All the same, the rabbi shrugged. “I don’t think,” the older man said, “there’s much that can be done.”
This wasn’t a solution. This wasn’t…
No. She had to stay calm. She had to be rational, presenting her case in a way that made it clear how difficult this situation was and would be. “I don’t understand,” she said, trying to channel the head of the foundation she worked for, calm and cool despite the way the situation was falling to pieces around her. “I really don’t understand how this could have happened. Of all the people I could have shared a date with and been fine with, I don’t get it.”
“It’s simple,” Rabbi Leibowitz said, his eyes warm. “You asked for the portion you might have had, and he wanted it as well.”
“But,” she said, “why…?”
“It was my grandfather’s,” he said. “Part of the reason I’m here—and no, the rest of my reasoning doesn’t matter—is to do his haftorah. In his memory.”

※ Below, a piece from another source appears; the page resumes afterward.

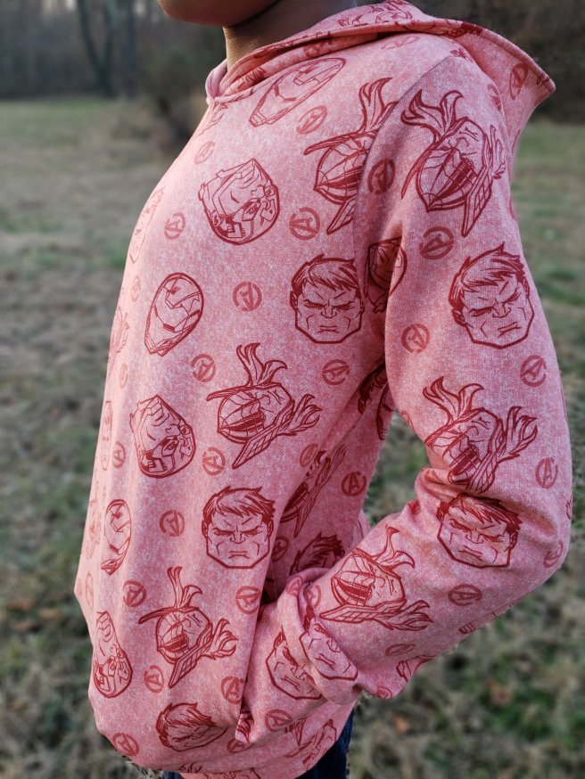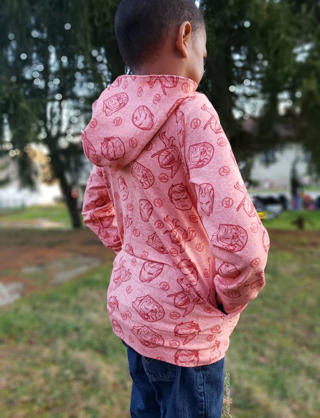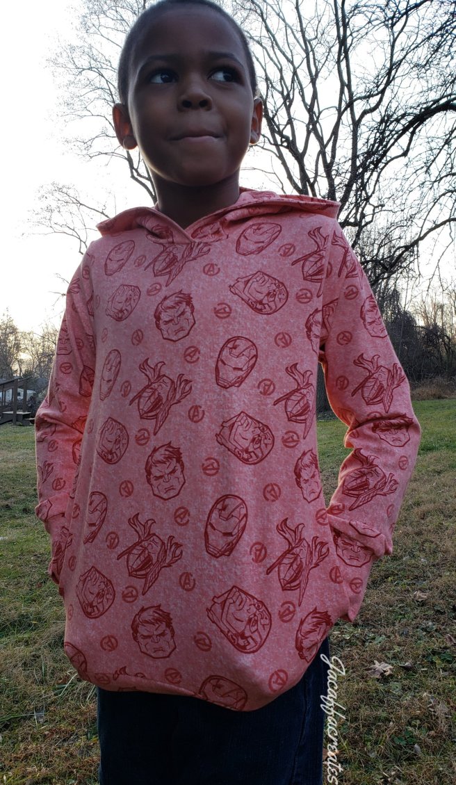 I’ve been sewing like a mad woman lately…I guess it’s that time of year. I did get around to making my 8 year old son a little something. He loves hoodies, so I decided to make him The Be Rad Hoodie from Ellie and Mac for their Wacky Wednesday promo. He picked out his fabric from Joanns online, it was half off $8+ a yard. That’s a little more than I would like to pay for a yard of fabric but I was given a gift card and was going to use that however My awesome husband was already near Joanns and picked up the fabric and paid for it…told me to save my giftcard for another time 🙌🏾!

“Then I’ll take another date. Any other date,” she said. “I can’t put my family through—”
“Are you sure?” The rabbi paused, looking between them, as if he actually understood the magnitude of what he was asking of both of them. “The next date is in a year’s time, and who knows what will be available, as the fourth grade gets first choice.”
Which made absolute sense. The program was, in essence, a second chance for people who hadn’t had their B’nai Mitzvahs as kids, and because of that, they got the leftover dates, the ones the fourth graders hadn’t wanted.
But having a Bat Mitzvah this year on a date that would bring her sister face-to-face with the ugly past versus waiting a year for something Judith had wanted most of her life wasn’t much of a choice, either.